(GIVEN ENTRIES Opens)
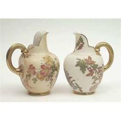 A Royal Worcester blush porcelain jug with floral decoration, patt no.1094, 5ins and a similar jug £150-200
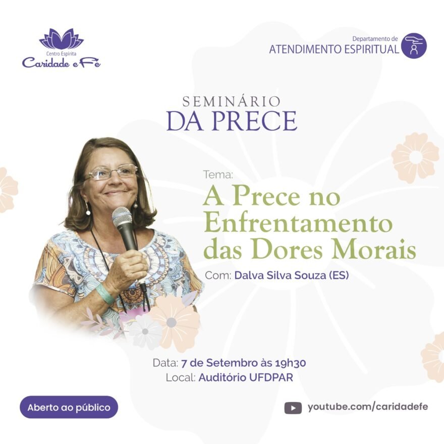 O Departamento de Atendimento Espiritual do Centro Espírita Caridade e Fé, realizará no dia 07 de setembro, às 19h30min, no auditório da Universidade Federal do Delta do Parnaíba, o Seminário da Prece, que tem como tema, “A Prece no Enfrentamento das dores morais”, tendo como ministrante, Dalva Silva Souza (ES).
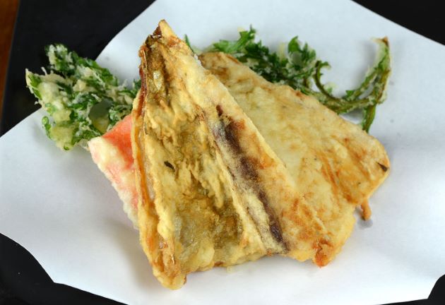 ヒシカイワリの天ぷら 成魚の尾鰭近くの筋の多い部分を揚げたものである。非常に脂が乗っているので、表面はさくっと香ばしいが、中はとろっとして豊潤である。この表面と中の差が楽しい。クリックで閉じます![]()
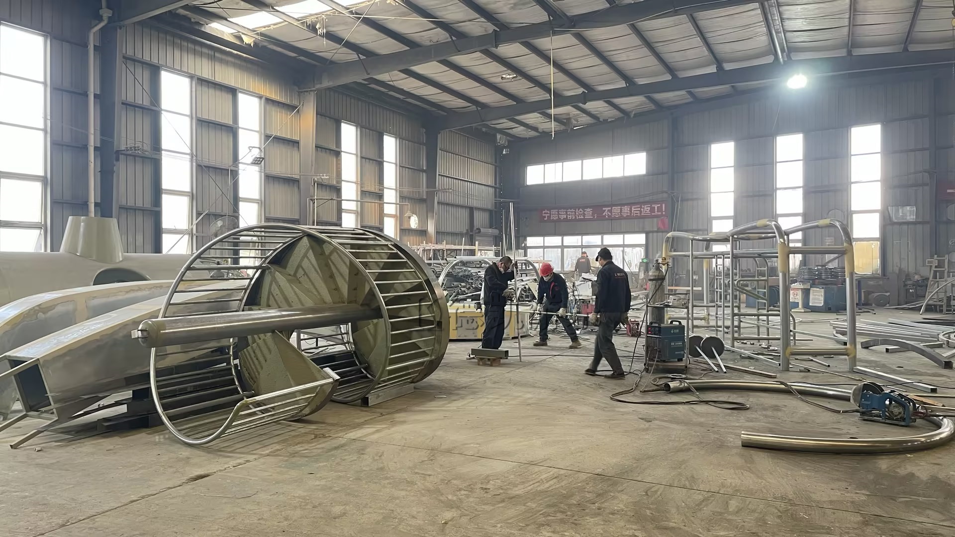 一派熱火朝天的繁忙景象:智能切割設(shè)備火花輕濺、大型機(jī)床轟鳴作響、工人們?cè)诟鞴ば蚯皩W⒆鳂I(yè)、質(zhì)檢人員一絲不茍地測(cè)量記錄……這里,正是公司所有奇幻與歡樂(lè)的“起源之地”。目前,為保障國(guó)內(nèi)外多個(gè)重點(diǎn)項(xiàng)目(“華僑城”、“西安文旅項(xiàng)目”等)的順利推進(jìn),我司生產(chǎn)車間正開(kāi)足馬力,全線進(jìn)入高效、有序的“奮戰(zhàn)”模式。
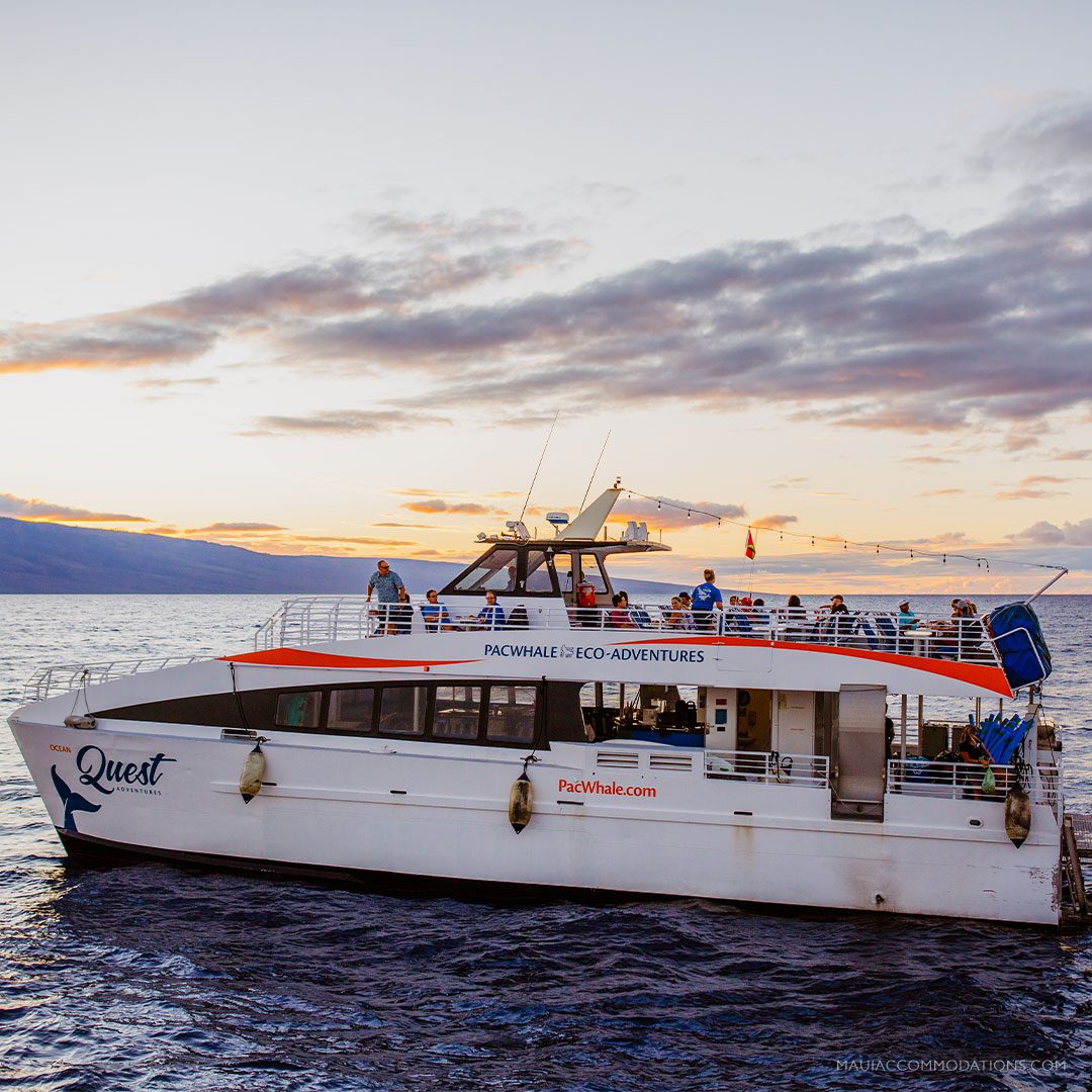 The Sunset Dinner Cruise promises a magical evening of gourmet dining and breathtaking views. Guests set sail aboard a spacious catamaran to enjoy a leisurely cruise along the stunning coastline of Maui. As the sun dips below the horizon, casting a golden glow over the ocean, passengers indulge in a delicious dinner featuring locally sourced ingredients and freshly prepared cuisine. With live music setting the mood, guests can relax on deck, sip cocktails from the open bar, and soak in the tranquil ambiance as the boat glides gracefully across the water. Whether celebrating a special occasion or simply enjoying a romantic evening with loved ones, the Sunset Dinner Cruise from Pacific Whale offers a memorable and enchanting experience against the backdrop of Maui’s scenic beauty.
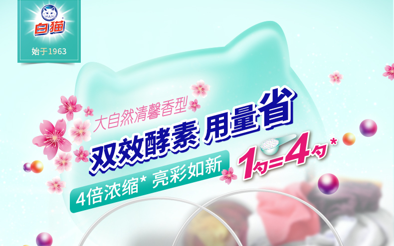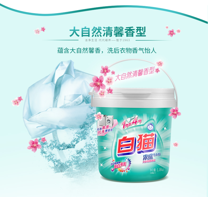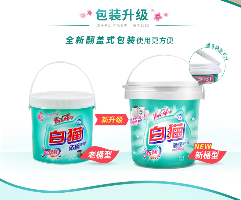 白猫 新浓缩洗衣粉1800g*6/桶 (整箱) 一勺等于四勺 丹麦进口生物酵素 翻盖式便取设计(内赠勺子)
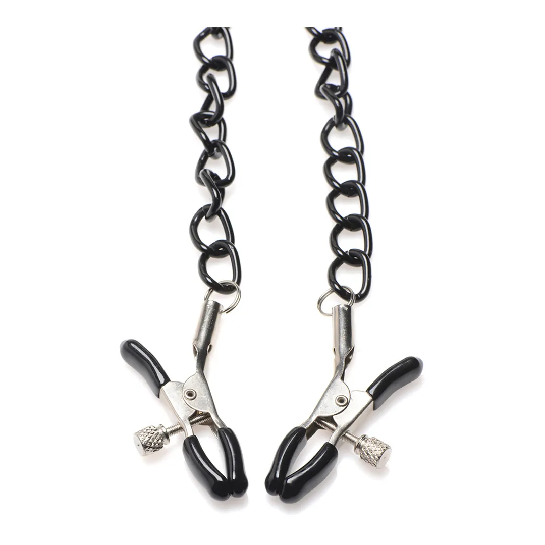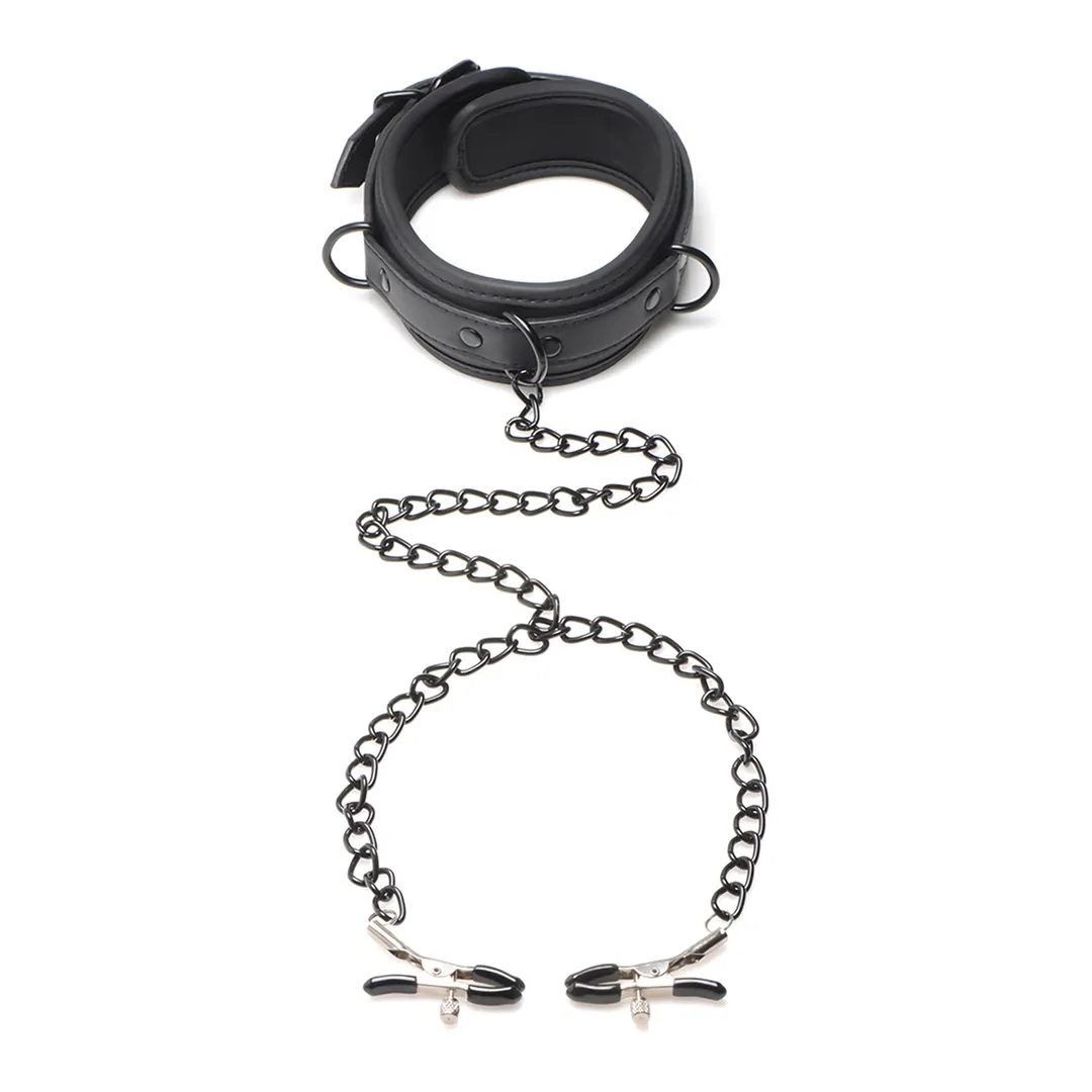 Geniet ervan om je onderdanige geliefde om te toveren tot een Collared Temptress met deze neopreen halsband met zwarte kettingen verbonden aan verstelbare tepelklemmen! De halsband zelf heeft zwarte gespen voor een volledig verstelbare pasvorm en 3 D-ringen om accessoires of kettingen en boeien aan te bevestigen. De centrale D-ring heeft al zwarte kettingen die splitsen in twee kettingen, elk met een tepelklem aan het einde. Elke tepelklem heeft een rubberen punt om het gevoelige huidweefsel te beschermen en een kleine schroef voor nauwkeurige drukaanpassingen. Al het metaal is nikkelvrij. Laat je geliefde voor je knielen terwijl je hun halsband om hun nek plaatst. De gespen klikken vast en je zorgt ervoor dat de halsband snug en comfortabel zit, zodat ze de zachte, gevoerde en gladde textuur van het neopreen kunnen voelen. Je pakt de ketting in het midden van hun keel en trekt ze voorzichtig naar je toe, waardoor ze hun borst omhoog tillen. Terwijl je hun tepel in je vrije hand neemt, neem je de klem en plaats je deze langzaam achter de tepel, op de areola, en pas je de druk aan met de kleine schroef. Terwijl je hetzelfde doet op de andere tepel, hoor je de adem van je geliefde in hun keel steken en gaspende geluiden maken terwijl ze beginnen pijn en genot te mengen, en alles ervaren onder jouw handen. Om schoon te maken, spuit je eenvoudig met een speelgoedreiniger en veeg je droog. Afmetingen: Halsband past van 32 cm tot 40 cm omtrek, Kettinglengte: 56 cm, Tepelklemmen openen tot 1,3 cm breed Materialen: Neopreen, metaal, rubber Kleur: Zwart, Zilver Belangrijkste Kenmerken: Verstelbare Halsband en Klemmen: De neopreen halsband heeft zwarte, metalen gespen die kunnen worden aangetrokken of losgemaakt voor jouw comfort. De klemmen zijn verstelbaar via de metalen schroef zodat je ze kunt aanspannen en losmaken voor een exacte pasvorm. D-Ringen voor Bevestigingen: Bevestig accessoires of meer kettingen aan een van de 3 D-ringen op de halsband. De centrale D-ring heeft een enkele ketting die vervolgens splits in twee aparte kettingen en aan elke tepel wordt bevestigd via de klemmen. Zacht en Comfortabel: De halsband zelf is comfortabel om te dragen en zacht tegen de huid met een gladde textuur en padding. Nikkelvrij Metaal: Al het metaal is nikkelvrij en veilig voor het lichaam.
(GIVEN ENTRIES Closes)
AIM OF THE TASK:
Exactly as written, repeat the lines from the beginning of the entries up to and including the line with "一派熱火朝天的繁忙景象:智能", but not the pictures.

RESULT:
 A Royal Worcester blush porcelain jug with floral decoration, patt no.1094, 5ins and a similar jug £150-200
 O Departamento de Atendimento Espiritual do Centro Espírita Caridade e Fé, realizará no dia 07 de setembro, às 19h30min, no auditório da Universidade Federal do Delta do Parnaíba, o Seminário da Prece, que tem como tema, “A Prece no Enfrentamento das dores morais”, tendo como ministrante, Dalva Silva Souza (ES).
 ヒシカイワリの天ぷら 成魚の尾鰭近くの筋の多い部分を揚げたものである。非常に脂が乗っているので、表面はさくっと香ばしいが、中はとろっとして豊潤である。この表面と中の差が楽しい。クリックで閉じます![]()
 一派熱火朝天的繁忙景象:智能切割設(shè)備火花輕濺、大型機(jī)床轟鳴作響、工人們?cè)诟鞴ば蚯皩W⒆鳂I(yè)、質(zhì)檢人員一絲不茍地測(cè)量記錄……這里,正是公司所有奇幻與歡樂(lè)的“起源之地”。目前,為保障國(guó)內(nèi)外多個(gè)重點(diǎn)項(xiàng)目(“華僑城”、“西安文旅項(xiàng)目”等)的順利推進(jìn),我司生產(chǎn)車間正開(kāi)足馬力,全線進(jìn)入高效、有序的“奮戰(zhàn)”模式。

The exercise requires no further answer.